▶

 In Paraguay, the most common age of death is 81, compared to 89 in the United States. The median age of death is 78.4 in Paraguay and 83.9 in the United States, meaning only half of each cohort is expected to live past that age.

◀
▶

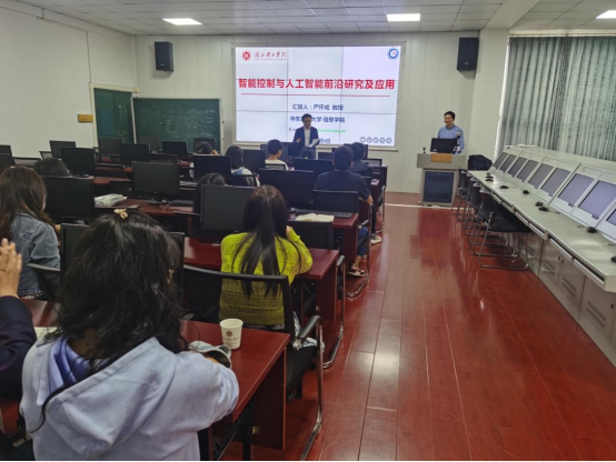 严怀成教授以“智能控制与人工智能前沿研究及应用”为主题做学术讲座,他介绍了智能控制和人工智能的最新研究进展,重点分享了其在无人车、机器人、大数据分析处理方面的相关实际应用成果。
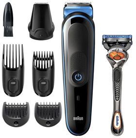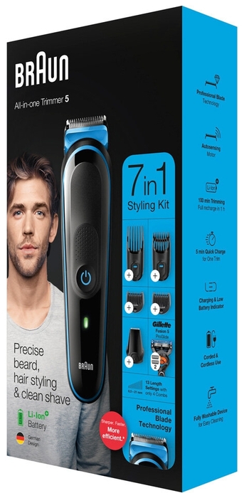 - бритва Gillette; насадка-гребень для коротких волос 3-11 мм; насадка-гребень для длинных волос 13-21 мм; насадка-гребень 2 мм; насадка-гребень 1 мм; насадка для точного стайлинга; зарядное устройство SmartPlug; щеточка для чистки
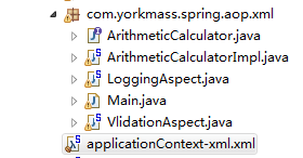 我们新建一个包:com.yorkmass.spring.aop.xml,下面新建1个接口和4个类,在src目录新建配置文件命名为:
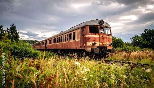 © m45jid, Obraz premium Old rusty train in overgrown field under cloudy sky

◀

EXERCISE BRIEF → The copy should hold only the lines from the one with "我们新建一个包:com.yo" through the one with "under cloudy sky", exactly as they stand above. Leave out the pictures.

RESPONSE AREA →
 我们新建一个包:com.yorkmass.spring.aop.xml,下面新建1个接口和4个类,在src目录新建配置文件命名为:
 © m45jid, Obraz premium Old rusty train in overgrown field under cloudy sky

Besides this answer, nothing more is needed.